I asked my stepdad this exact question one day. He told me its because they were first made in hamburger, germany. but he might be wrong. but that's the best answer I have. :)

The whole idea started in Hamburg, Germany.

It is because it hails from Hamburg, Germany. It has nothing to do with what it is made of.

Yes Hamburg Germany, and should be asked also why Buffalo wings??? I've seen many Buffalo but never one that could fly....

Back in the mid 1800's, the folks in Hamburg, Germany used to eat a kind of pounded beef called a Hamburg Steak. A lot of people were immigrating from Germany around that time, and being a port city, Hamburg residents brought some of their popular foods along as well. Sometime in the late 1800's, people just started calling the meal "hamburger", which in German means "from Hamburg".

Around the turn of the century a restaurant owner decided to put the hamburger between two slices of toast for people on the go.

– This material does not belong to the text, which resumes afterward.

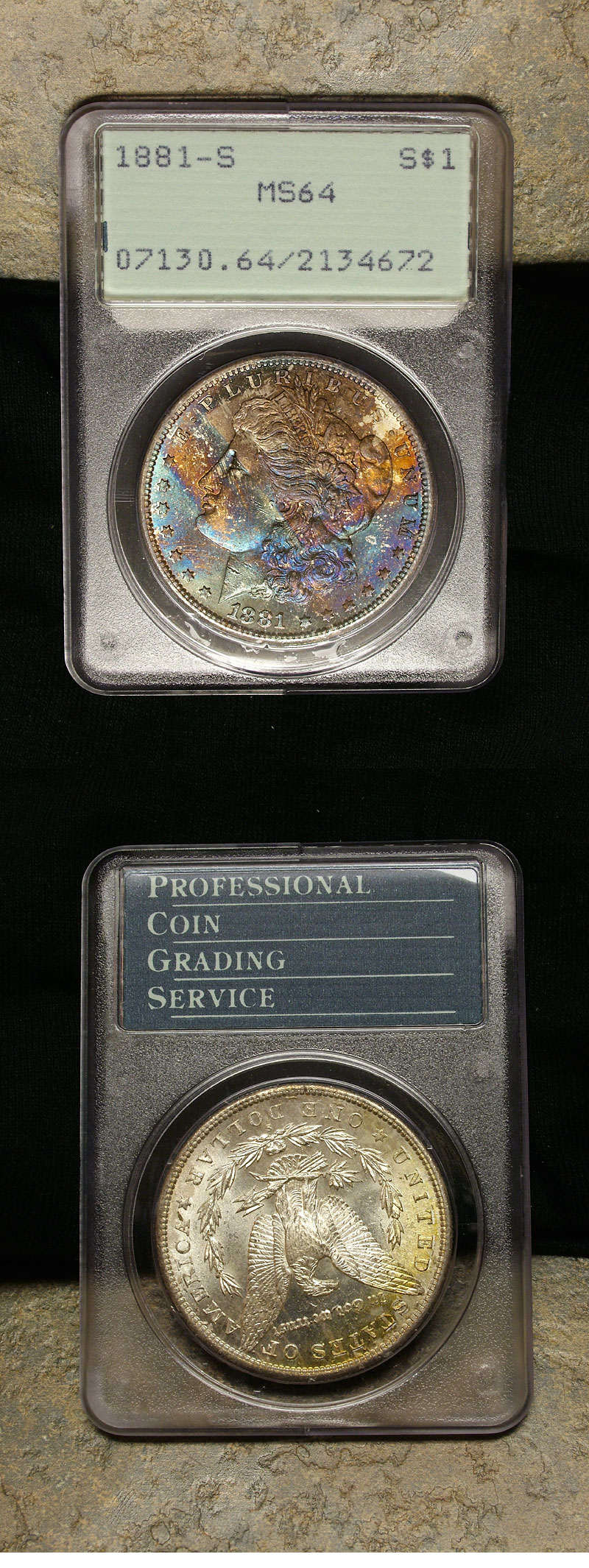 1881-S $1 PCGS MS64 Blue End Roll Rainbow Morgan Rattler

The idea took off, obviously.

Later people dropped the "ham" altogether and just started calling it "burger", and then adding modifier to this shortened version of the word. So, if you added cheese, you'd call it a cheeseburger. And if you're a vegetarian foods company called Boca, you'd call it a Boca burger.

Boca burgers were designed to be a meat analogue -- which means they were crafted to have a lot of the same properties of meat (taste, texture, etc), but without the meat. People often cut up a Boca burger for a vegetarian version of ground beef, for example.

So your lasange is a "meat" lasagna, where Boca burger has been substituted for beef.